Tanggal 10 Oktober biasa diperingati sebagai Hari Kesehatan Jiwa Sedunia, tahun ini tema yang di ambil adalah ‘Pemuda dan Kesehatan Jiwa di Tengah Perubahan Dunia’

Wartapilihan.com, Jakarta — Masa remaja dan tahun-tahun awal masa dewasa adalah masa kehidupan di mana banyak sekali perubahan yang terjadi, misalnya masuk sekolah baru, memiliki teman baru, meninggalkan rumah, masuk universitas dan memulai pekerjaan baru. Bagi kebanyakan orang, ini adalah saat-saat yang menyenangkan. Namun, di sisi yang lain merekapun bisa menjadi stres dan ketakutan.

Hal tersebut disampaikan oleh dr. Lahargo Kembaren, SpKJ selaku psikiater. Ia mengatakan, dalam beberapa kasus, jika tidak dirasakan dan dikelola dengan baik maka perasaan-perasaan ini dapat menyebabkan gangguan jiwa.

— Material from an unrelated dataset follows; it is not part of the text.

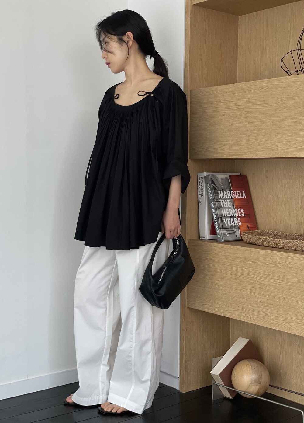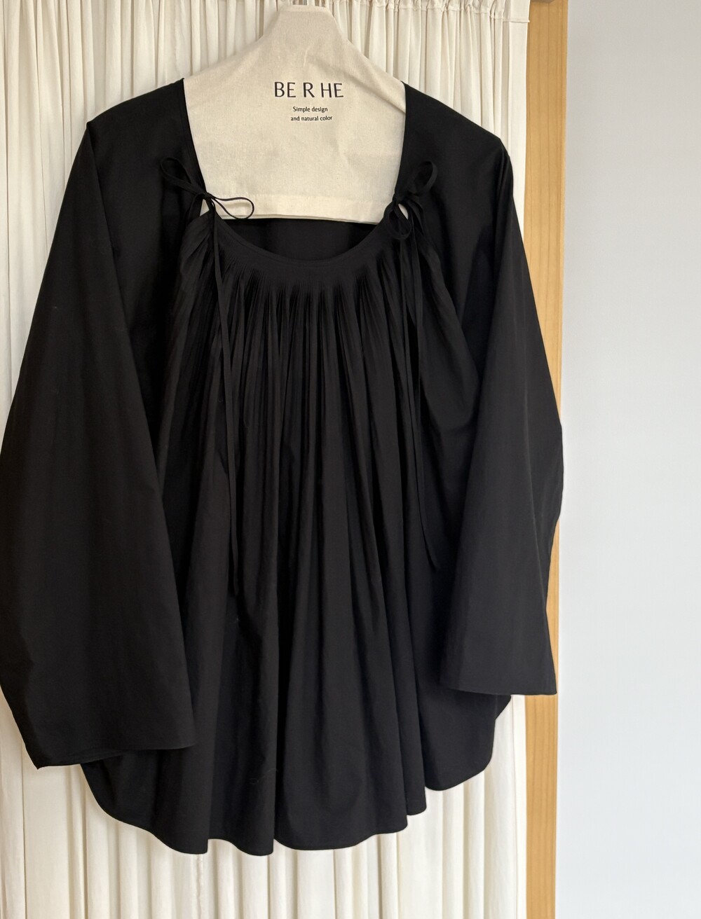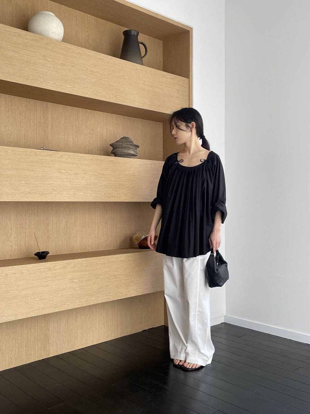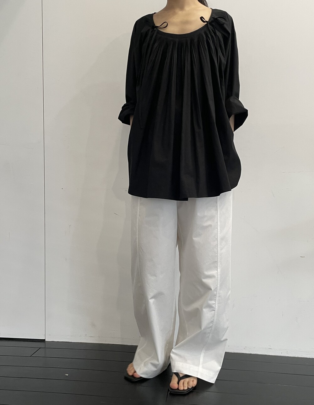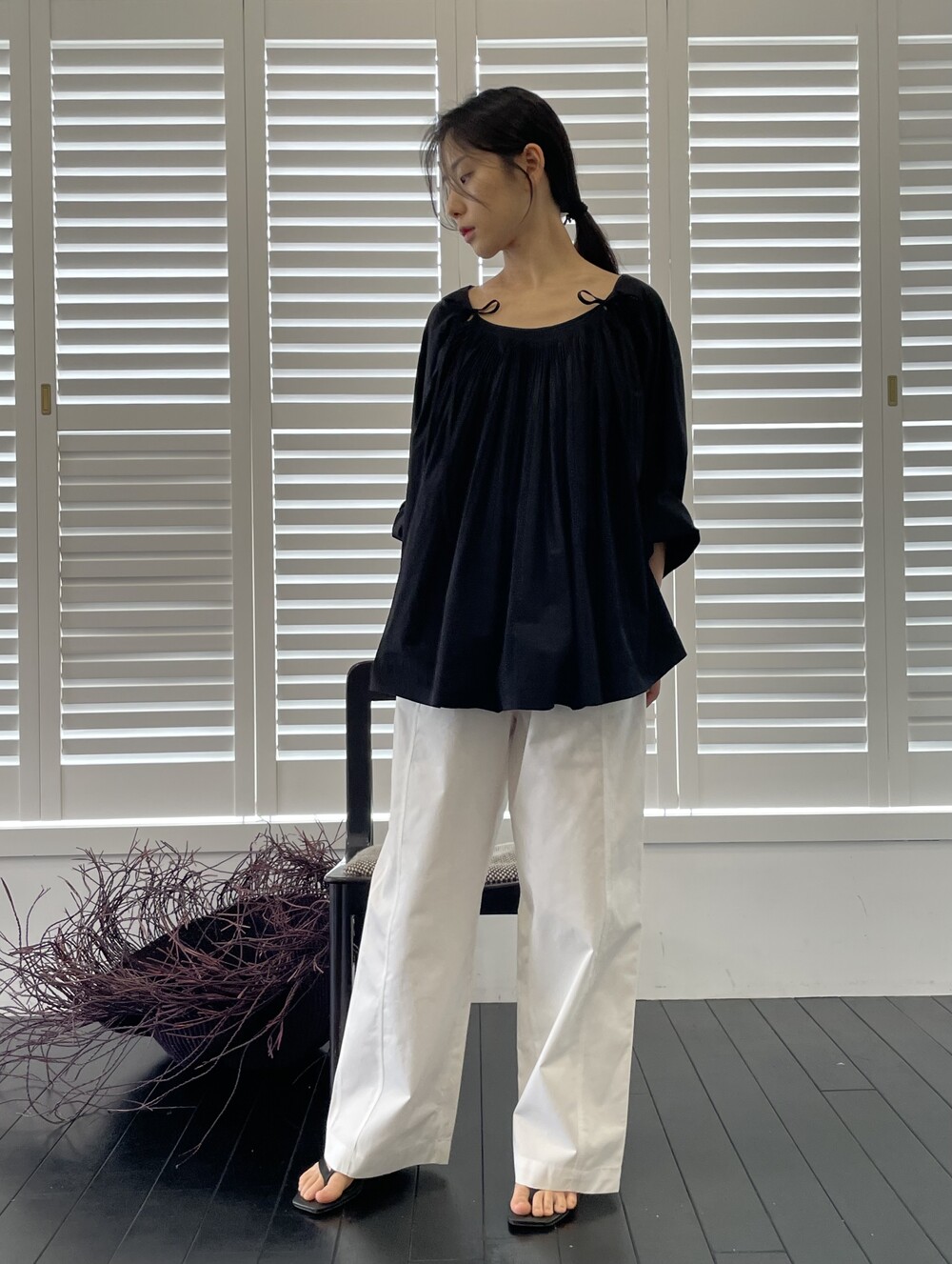 앞 부분에 셔링과 타이를 넣어 미니멀한 여성스러운 느낌을 살리면서 블랙 컬러로 시크한 분위기를 자아냅니다.

“Penggunaan teknologi online yang semakin luas, tidak diragukan memberikan banyak manfaat, tetapi harus disadari juga bahwa hal tersebut dapat memberikan tekanan tambahan, karena konektivitas ke jaringan virtual setiap saat siang dan malam.

Banyak pemuda juga yang tinggal di daerah yang terkena dampak darurat kemanusiaan seperti konflik, bencana alam, dan epidemi. Orang muda yang hidup dalam situasi seperti ini sangat rentan terhadap tekanan mental dan penyakit,” tutur dia, Rabu, (10/10/2018).

Dokter yang bertugas di RS.dr.H Marzoeki Mahdi Bogor ini menjelaskan, Setengah dari semua gangguan jiwa dimulai pada usia 14 tetapi sebagian besar kasus tidak terdeteksi dan tidak diobati. Bila dilihat dari beban penyakit di kalangan remaja, depresi adalah penyebab utama ketiga.

“Bunuh diri adalah penyebab utama kematian kedua kematian pada anak usia 15-29 tahun. Penggunaan alkohol dan obat-obatan terlarang yang berbahaya di kalangan remaja adalah masalah besar di banyak negara dan dapat menyebabkan perilaku berisiko seperti seks yang tidak aman atau mengemudi yang berbahaya. Gangguan makan juga menjadi perhatian saat ini di kalangan remaja,” tegas dia.

dr. Lahargo melanjutkan, untungnya, saat ini mulai ada pengakuan yang semakin besar akan pentingnya membantu orang muda dalam membangun ketahanan mentalnya, mulai dari usia dini, untuk mengatasi tantangan dunia saat ini.

Bukti-bahwa menunjukkan bahwa dengan mempromosikan dan melindungi kesehatan jiwa remaja maka akam membawa manfaat tidak hanya untuk kesehatan remaja, dalam jangka pendek dan jangka panjang, tetapi juga untuk ekonomi dan masyarakat.

“Orang dewasa muda yang sehat akam mampu memberikan kontribusi yang lebih besar pada pekerjaan, keluarga, komunitas dan masyarakat secara keseluruhan,” tutur dokter yang juga bertugas di RS. Siloam Bogor ini.

Dia menuturkan, banyak yang bisa dilakukan untuk membantu membangun ketahanan mental sejak usia dini untuk mencegah tekanan mental dan gangguan jiwa di kalangan remaja dan dewasa muda, dan bagaimana mengelola dan memulihkan diri dari gangguan jiwa.

“Pencegahan dimulai dengan menyadari dan memahami tanda-tanda peringatan dini dan gejala gangguan jiwa. Orang tua dan guru dapat membantu membangun kecakapan hidup anak-anak dan remaja untuk membantu mereka mengatasi tantangan sehari-hari di rumah dan di sekolah,”

Selain itu, dukungan psikososial dapat diberikan di sekolah-sekolah dan lingkungan masyarakat lainnya dan tentu saja pelatihan untuk petugas kesehatan agar mereka dapat mendeteksi dan mengelola gangguan kesehatan jiwa dengan baik.

“Investasi oleh pemerintah dan keterlibatan sektor sosial, kesehatan dan pendidikan secara komprehensif, terpadu, dan program berbasis bukti untuk kesehatan jiwa anak muda sangat penting,”

Investasi ini, terangnya, harus dikaitkan dengan program untuk meningkatkan kesadaran di kalangan remaja dan dewasa muda tentang cara-cara untuk menjaga kesehatan jiwa mereka, membantu teman sebaya, bagaimana orang tua dan guru mengetahui cara mendukung anak-anak dan siswa mereka.

“Didiklah orang muda menurut jalan yang patut baginya, maka pada masa tuanya pun ia tidak akan menyimpang dari pada jalan itu,” pungkas dr. Lahargo.